• Supplied material:
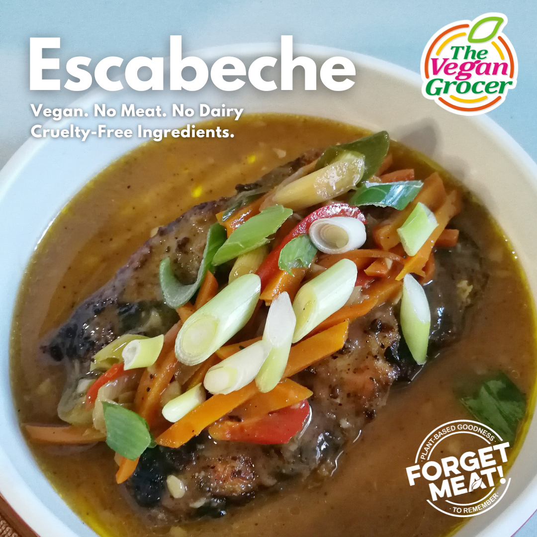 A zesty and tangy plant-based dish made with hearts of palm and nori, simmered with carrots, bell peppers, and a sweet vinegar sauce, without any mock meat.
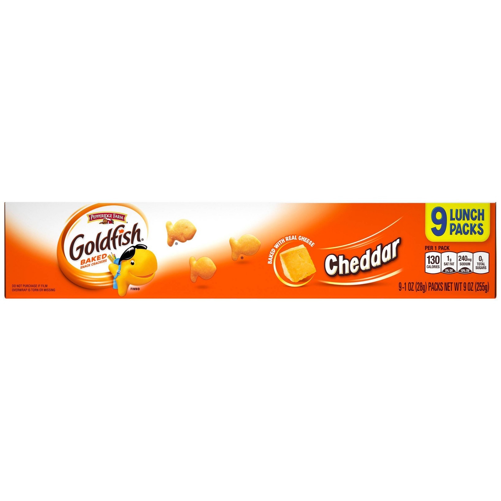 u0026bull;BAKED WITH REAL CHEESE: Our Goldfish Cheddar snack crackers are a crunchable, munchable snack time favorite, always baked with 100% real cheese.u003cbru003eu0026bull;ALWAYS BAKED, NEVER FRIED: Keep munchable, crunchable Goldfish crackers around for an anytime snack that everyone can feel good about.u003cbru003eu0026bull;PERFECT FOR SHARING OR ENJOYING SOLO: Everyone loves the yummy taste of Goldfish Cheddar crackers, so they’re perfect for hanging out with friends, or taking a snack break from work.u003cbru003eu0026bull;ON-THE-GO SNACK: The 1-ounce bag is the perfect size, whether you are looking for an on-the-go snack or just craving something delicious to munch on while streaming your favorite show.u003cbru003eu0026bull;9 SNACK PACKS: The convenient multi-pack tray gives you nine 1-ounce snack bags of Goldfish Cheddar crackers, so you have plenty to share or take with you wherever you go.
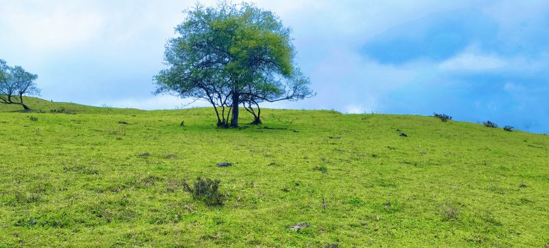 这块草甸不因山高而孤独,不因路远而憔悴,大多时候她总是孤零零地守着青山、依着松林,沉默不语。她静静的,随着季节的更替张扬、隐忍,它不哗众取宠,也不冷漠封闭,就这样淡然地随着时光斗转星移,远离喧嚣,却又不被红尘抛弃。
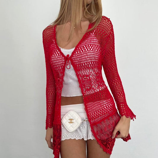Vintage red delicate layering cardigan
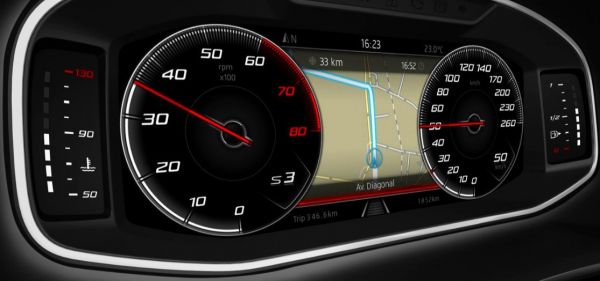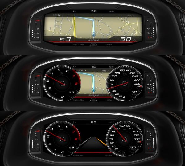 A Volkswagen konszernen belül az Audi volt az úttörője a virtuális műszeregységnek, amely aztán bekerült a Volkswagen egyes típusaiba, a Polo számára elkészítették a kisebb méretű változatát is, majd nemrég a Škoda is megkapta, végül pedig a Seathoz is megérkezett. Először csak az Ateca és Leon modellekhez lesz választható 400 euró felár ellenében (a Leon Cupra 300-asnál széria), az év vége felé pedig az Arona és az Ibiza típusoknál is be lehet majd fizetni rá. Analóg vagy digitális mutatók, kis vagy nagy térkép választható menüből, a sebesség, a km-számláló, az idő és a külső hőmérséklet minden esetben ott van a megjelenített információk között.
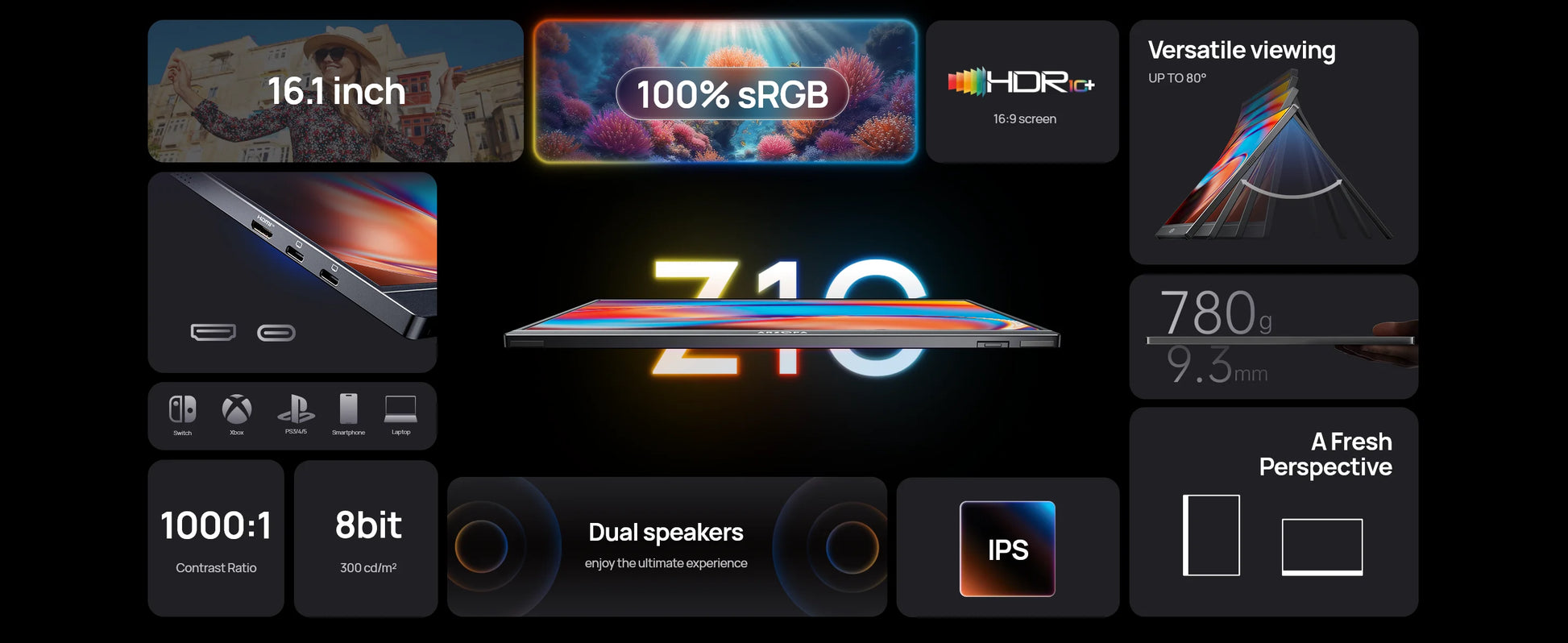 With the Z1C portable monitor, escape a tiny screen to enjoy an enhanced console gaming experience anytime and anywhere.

* * *

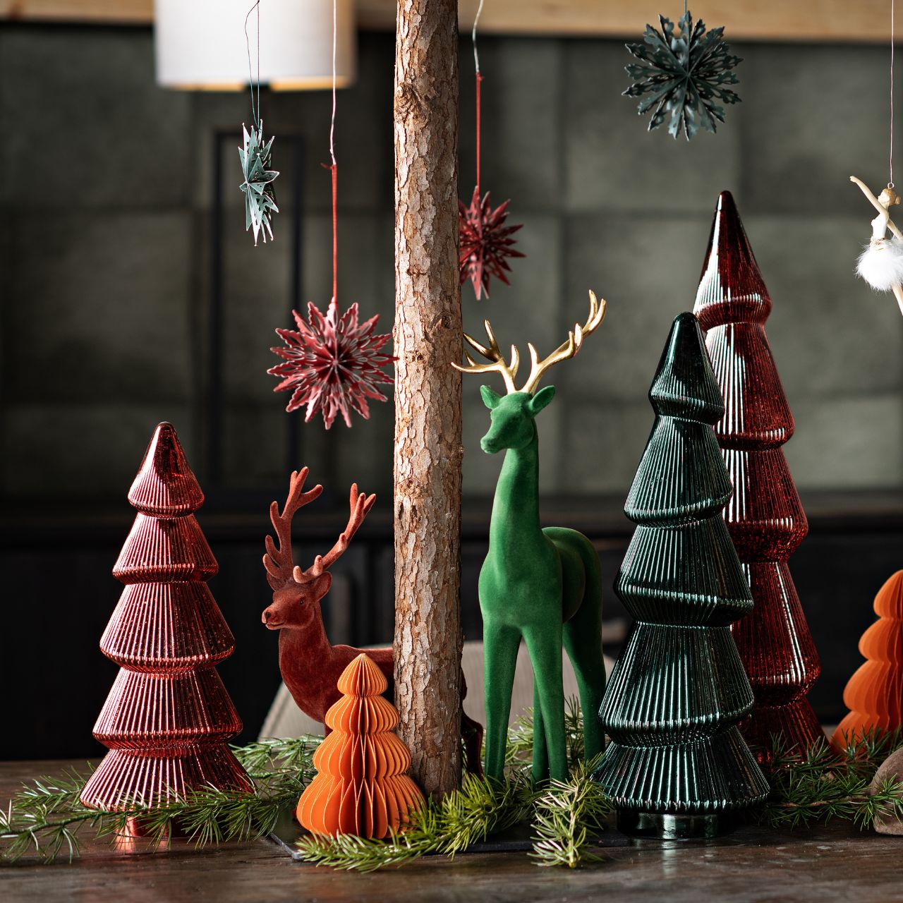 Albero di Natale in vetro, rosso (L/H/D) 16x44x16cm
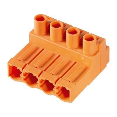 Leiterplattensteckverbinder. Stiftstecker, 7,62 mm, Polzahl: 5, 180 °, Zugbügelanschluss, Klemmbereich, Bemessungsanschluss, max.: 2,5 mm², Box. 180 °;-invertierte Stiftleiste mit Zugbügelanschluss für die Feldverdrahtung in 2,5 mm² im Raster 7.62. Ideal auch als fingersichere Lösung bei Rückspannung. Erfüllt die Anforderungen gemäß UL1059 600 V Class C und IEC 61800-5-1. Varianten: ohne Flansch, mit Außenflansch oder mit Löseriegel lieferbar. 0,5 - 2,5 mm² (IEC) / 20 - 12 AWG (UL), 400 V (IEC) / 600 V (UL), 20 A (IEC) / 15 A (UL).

* * *

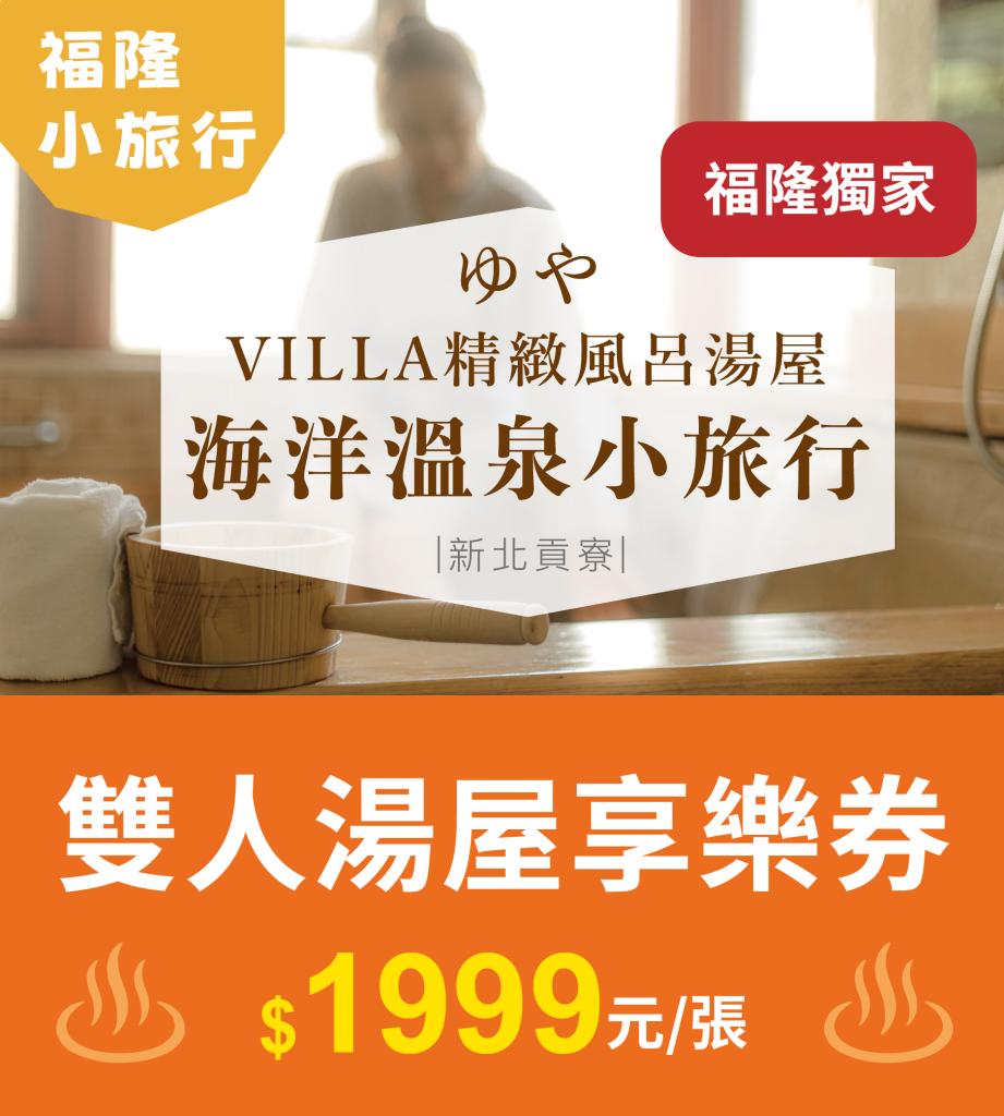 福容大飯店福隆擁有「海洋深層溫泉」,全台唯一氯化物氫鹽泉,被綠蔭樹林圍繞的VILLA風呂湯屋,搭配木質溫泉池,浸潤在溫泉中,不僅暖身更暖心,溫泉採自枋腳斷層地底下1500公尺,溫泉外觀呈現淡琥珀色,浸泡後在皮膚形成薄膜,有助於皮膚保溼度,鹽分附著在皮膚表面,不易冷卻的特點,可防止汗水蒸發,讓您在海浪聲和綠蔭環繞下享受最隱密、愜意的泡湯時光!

• Task brief:
Look above for the line containing "Vintage red delicate layering cardigan" and the line containing "With the Z1C", then reproduce both and everything between them exactly, pictures omitted.

• Finished exercise:
Vintage red delicate layering cardigan
 A Volkswagen konszernen belül az Audi volt az úttörője a virtuális műszeregységnek, amely aztán bekerült a Volkswagen egyes típusaiba, a Polo számára elkészítették a kisebb méretű változatát is, majd nemrég a Škoda is megkapta, végül pedig a Seathoz is megérkezett. Először csak az Ateca és Leon modellekhez lesz választható 400 euró felár ellenében (a Leon Cupra 300-asnál széria), az év vége felé pedig az Arona és az Ibiza típusoknál is be lehet majd fizetni rá. Analóg vagy digitális mutatók, kis vagy nagy térkép választható menüből, a sebesség, a km-számláló, az idő és a külső hőmérséklet minden esetben ott van a megjelenített információk között.
 With the Z1C portable monitor, escape a tiny screen to enjoy an enhanced console gaming experience anytime and anywhere.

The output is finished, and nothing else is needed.